** What is needed **
Data follows below. Repeat exactly the lines between the line holding "Quando una donna" and the line holding "花朵,巴洛克,欧式花朵,无缝,彩色,壁布", inclusive, and nothing more; drop pictures.
---- Given information
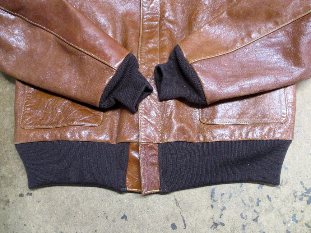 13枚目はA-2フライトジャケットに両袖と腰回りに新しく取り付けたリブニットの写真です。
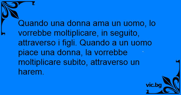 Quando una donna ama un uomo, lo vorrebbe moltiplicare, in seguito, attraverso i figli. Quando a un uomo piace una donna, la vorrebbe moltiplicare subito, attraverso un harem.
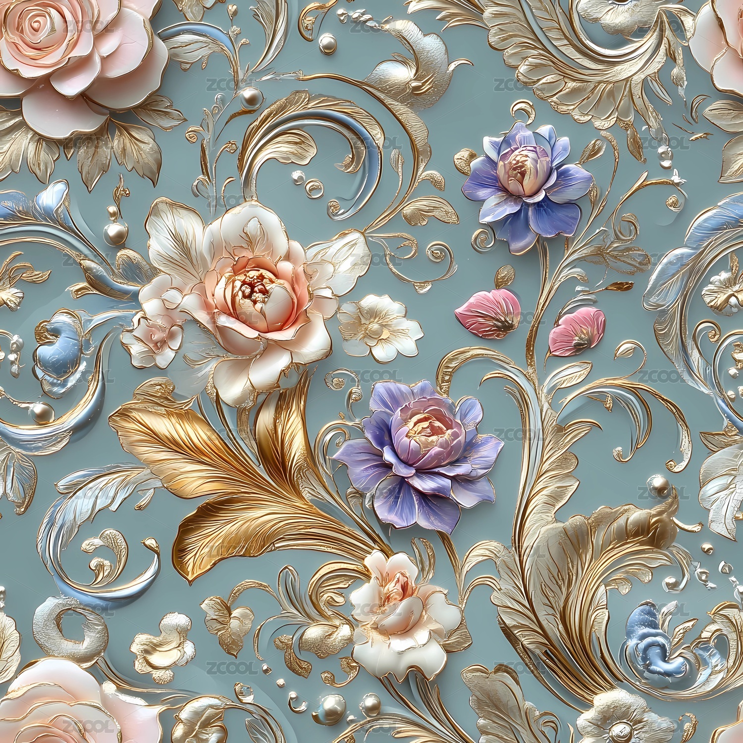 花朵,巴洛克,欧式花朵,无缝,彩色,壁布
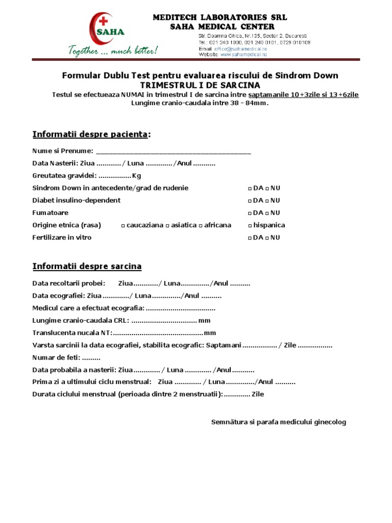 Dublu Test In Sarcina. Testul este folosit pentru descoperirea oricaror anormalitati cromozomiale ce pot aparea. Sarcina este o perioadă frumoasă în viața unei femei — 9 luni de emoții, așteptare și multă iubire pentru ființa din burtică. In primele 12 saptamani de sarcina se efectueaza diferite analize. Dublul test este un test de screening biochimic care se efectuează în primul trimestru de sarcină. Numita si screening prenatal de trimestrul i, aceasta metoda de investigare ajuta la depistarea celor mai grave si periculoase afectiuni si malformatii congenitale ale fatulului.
--------
** Answer box **
 Quando una donna ama un uomo, lo vorrebbe moltiplicare, in seguito, attraverso i figli. Quando a un uomo piace una donna, la vorrebbe moltiplicare subito, attraverso un harem.
 花朵,巴洛克,欧式花朵,无缝,彩色,壁布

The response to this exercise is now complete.